"Overlaid Series" by Kim Deok-han (Courtesy of the artist, Gizi Foundation)
Standing in front of the works by Korean artists Kim Deok-han and Keem Ji-young can be a solemn experience, as the artists’ laborious effort and sincerity hit home.
The exhibition “Keem&Kim’s Glowing Overlaid Hour” at Gizi Foundation’s Art Base in Seodaemun-gu, Seoul, shows 11 works by the young artists whose works are created through the tedious and time-intensive process of layering colors over each other.
Born in 1981, Kim applies traditional Korean lacquering to his art. He applies a lacquer layer mixed with colored powder and rubs the surface with sandpaper, a process he continuously repeats. The repeated actions lead to colors that are revealed unexpectedly as if to remind the viewer of the way life consists of numerous moments and times.
"Compressed series" by Kim Deok-han (Courtesy of the artist, Gizi Foundation)

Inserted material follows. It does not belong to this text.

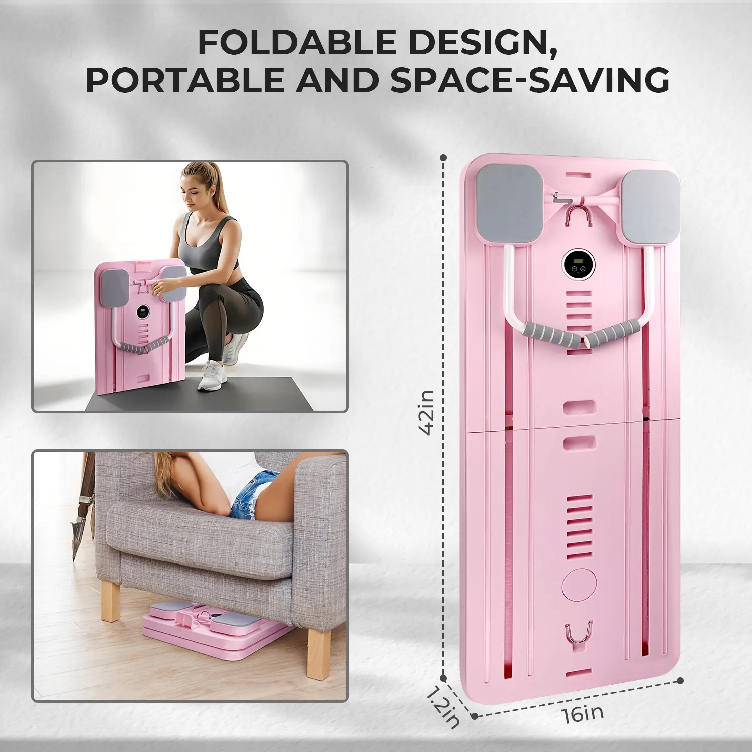 FOLDABLE DESIGN: The portable Pilates board can be folded and stored, easily placed in all corners of the home, the included carrying bag allows you to easily store all the accessories of this multifunctional Pilates board, saving a lot of space.

“Every time I rub the lacquered surface, I almost forget myself,” Kim told The Korea Herald. He likened his repeated layering and rubbing to digging out the memories from the past with his bare hands. That way, he tries to look into the abyss, “overlaid” by memories in his head, he said.
Meanwhile, Keem’s paintings are reminiscent of candlelight -- she layers oil colors that would take about a month to create the image of glowing candlelight. Born in 1987, Keem has been exploring oil painting in the series “Glowing Hour” since 2020.

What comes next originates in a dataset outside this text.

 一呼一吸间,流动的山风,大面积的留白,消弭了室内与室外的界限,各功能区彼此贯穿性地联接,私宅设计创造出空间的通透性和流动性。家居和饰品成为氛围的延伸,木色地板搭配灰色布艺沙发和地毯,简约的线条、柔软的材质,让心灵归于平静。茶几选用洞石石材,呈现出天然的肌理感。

The artist’s candlelight, created with accumulated layers of oil colors, does not appear as a figurative candle flame but rather as a glowing light that inspires contemplation.
An installation view of "Glowing Hour" by Keem Ji-young (courtesy of the artist, Gizi Foundation)
“Keem has often introduced her works specifically as to ‘focus on the structural issues hidden behind social incidents and to address the relationship between individuals and the society,” curator Choi Hee-seung wrote on her work at the critique in 2020.
Gizi Foundation, a nonprofit organization founded in 2019 by Korean artist Park Seo-bo, a legendary figure that led the dansaekhwa Korean art genre, runs exhibitions at Art Base to introduce Korea’s emerging artists.
Park died on Oct. 14 at 92 after he was diagnosed with lung cancer earlier this year. He stressed three notions in dansaekhwa paintings: purposeless action in art, a repetitive exercise in meditation and material properties created out of the meditative action.
The exhibition “Keem&Kim’s Glowing Overlaid Hour,” which kicked off on Sept.1, runs through Oct. 31.